28 May is a remarkable day in the history of the Joint Institute for Nuclear Research. On this day in 1907, a prominent Chinese scientist, a researcher in the fields of elementary particle physics and thermonuclear fusion, Academician of the Chinese Academy of Sciences Wang Ganchang (1907-1998) was born. He was the JINR Vice-Director from 1958 to 1960 and one of the JINR founders.

He was also one of the founding fathers of Chinese nuclear physics and national research in the fields of cosmic rays and physics of elementary particles, a founder of Chinese laser synthesis technology.

Wang Ganchang was born in Changshu, Jiangsu Province, on 28 May 1907. In June 1929, he graduated from the Physical Department of Tsinghua University. In 1930, he studied at the Berlin University in Germany. In 1934, he received a degree of Doctor of Philosophy and returned to China. There, he worked at first at Shandong University and then headed the Physical Department of Zhejiang University (1936-1950).

In 1930, Wang was the first to propose the use of the Wilson chamber to study a new type of high-energy rays induced by the bombardment of beryllium by α-particles. An English physicist James Chadwick conducted the same experiment a year later and discovered a new type of particles – neutrons. Chadwick received the Nobel Prize in Physics for this discovery in 1935. Furthermore, in 1941, for the first time in the world, Wang Ganchang suggested the use of beta capture to detect neutrinos, but he could not conduct the experiment due to the war.

From April 1950 to 1956, Wang Ganchang worked at the Institute of Modern Physics of the Chinese Academy of Sciences.
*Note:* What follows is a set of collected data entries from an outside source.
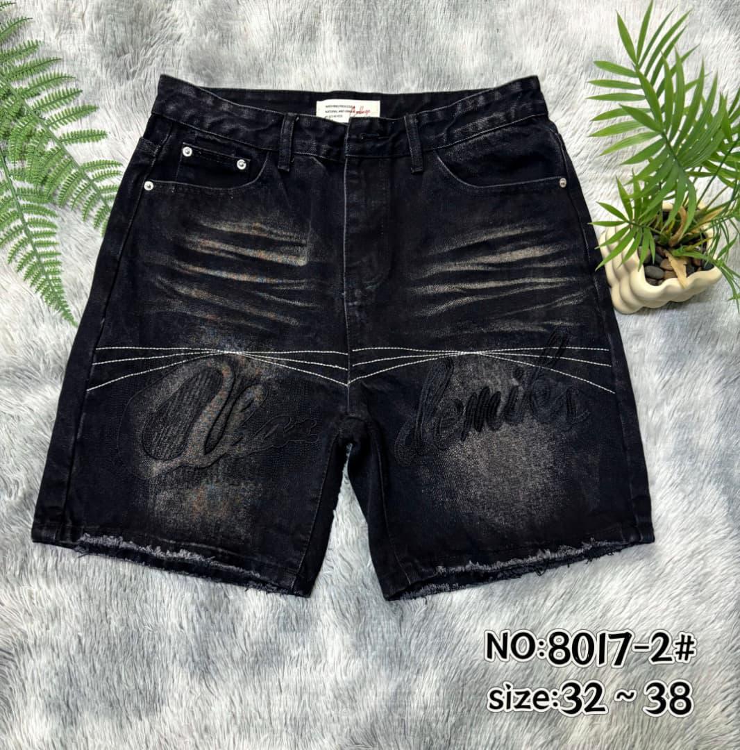 Keep your streetwear rotation fresh with these detailed black denim shorts. Defined by their “stealth” aesthetic, they feature large, tonal script embroidery across the thighs that offers a subtle, high-end branding effect. The look is elevated by bold white contrast stitching lines that arc across the front, cutting through the design for a modern, deconstructed vibe. Finished with a heavy vintage wash and frayed hems, these shorts are effortless cool.
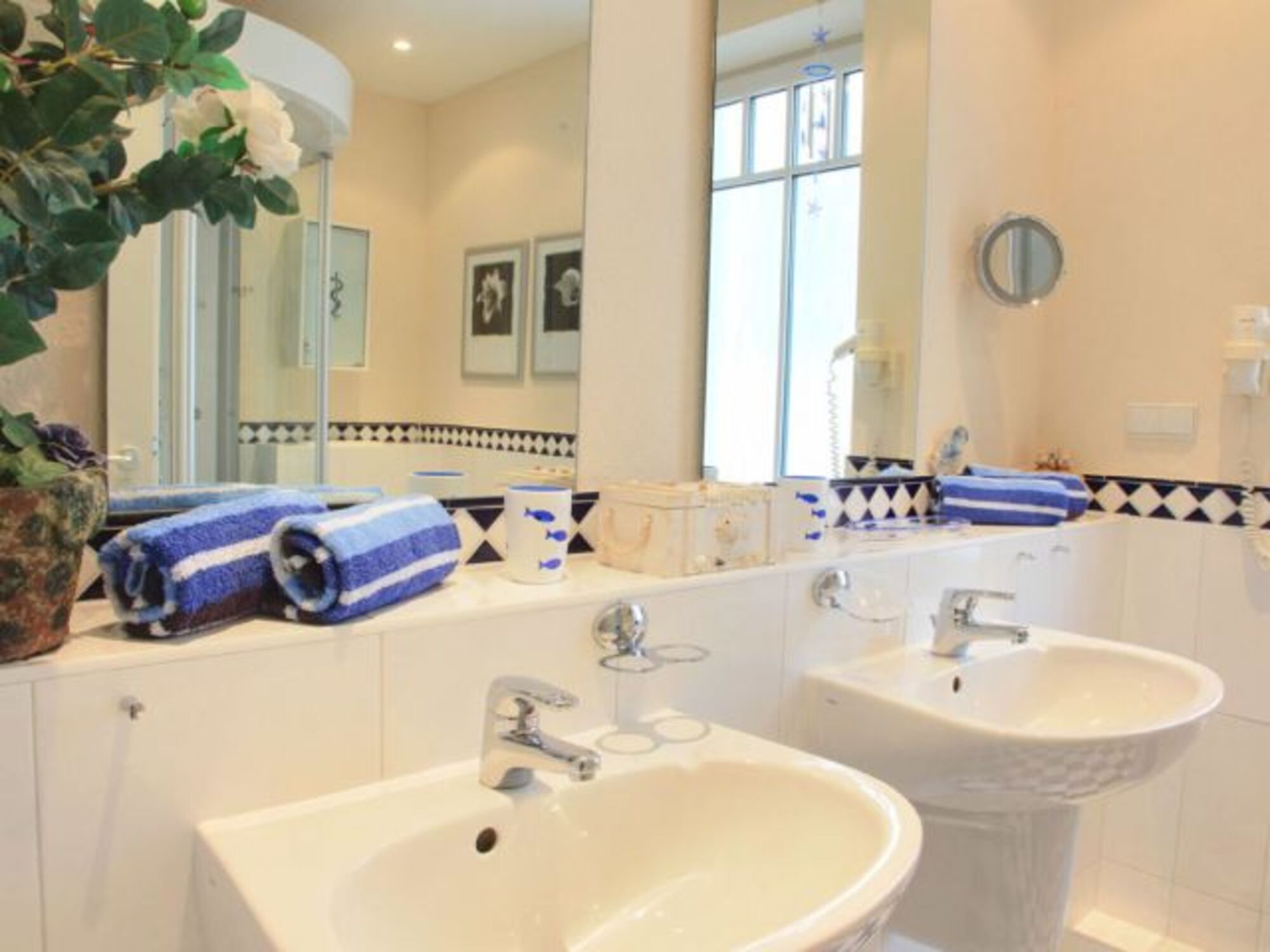 Badezimmer mit Doppeldusche für zwei Personen, Dampfsauna, zwei Waschtische, Föhn, Kosmetikspiegel
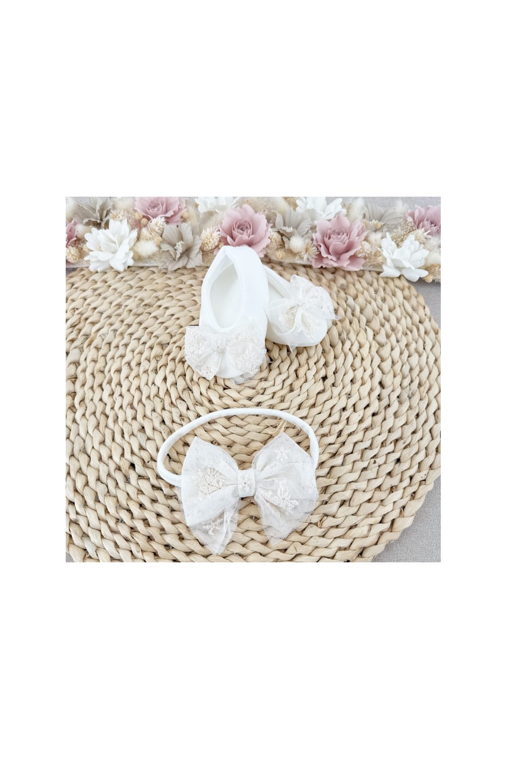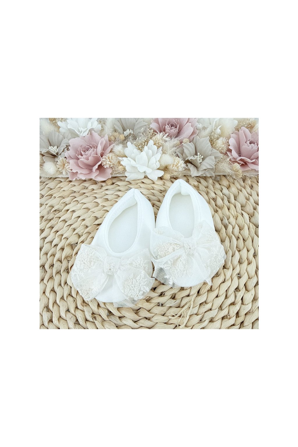Topánky na krst, detské topánočky, balerínky pre dievčatá, vyrobené z ecru peny potiahnutej bavlnou, ozdobené béžovou čipkovanou mašľou, rovnakou ako na šatách Anastazja 5. Topánky sú mäkké a mierne elastické, veľkosť sa odvíja od dĺžky chodidla.

Since 1952, he held the post of the Deputy Director of the Institute. From 1953 to 1956, he headed the Centre for the study of cosmic rays created at his suggestion in the mountain area of the Yunnan province.

In 1956, the Chinese government started sending specialists to the Joint Institute for Nuclear Research in order to develop high energy physics in China. Professor Wang was among those scientists, and he went to the USSR in April 1956.

During his years at the Institute, Wang Ganchang took part in the creation of the propane bubble chamber at the JINR Synchrophasotron, and he became one of the co-authors of the “antisigma-minus hyperon” discovery at JINR in 1959, heading the group of discoverers of the particle. The group of scientists analysed more than 40,000 photographs, which recorded tens of thousands of nuclear interactions.

On 22 December 1960, Wang Ganchang left JINR and returned to Beijing, where he took an active part in the project of developing the atomic bomb in China. In October 1964, the first atomic bomb test was successfully conducted, making China a nuclear-weapon state.

Wang Ganchang combined many high posts at Chinese academic and political organizations. In 1978-1983, the scientist headed the China Institute of Atomic Energy (CIAE) making a decisive contribution to its development and formation.

Under the supervision and with the participation of this outstanding scientist, a pleiad of nuclear physicists of China was trained, experimental facilities were constructed and modernised, and the National Laboratory of Nuclear Physics of the Beijing Accelerator was established, as well as other centres. Thus, Wang Ganchang inspired not only the CIAE-JINR collaboration but also the China-Russia one.

He was an Honorary Doctor of the Moscow State University, a winner of the State Prize of China in science and technology. He was posthumously awarded the prize “Two bombs, one satellite” for merits to the Chinese nuclear programme. Since 2000, the Wang Ganchang Prize of the Chinese Physical Society has been awarded to physicists in elementary particle physics and inertial confinement nuclear fusion.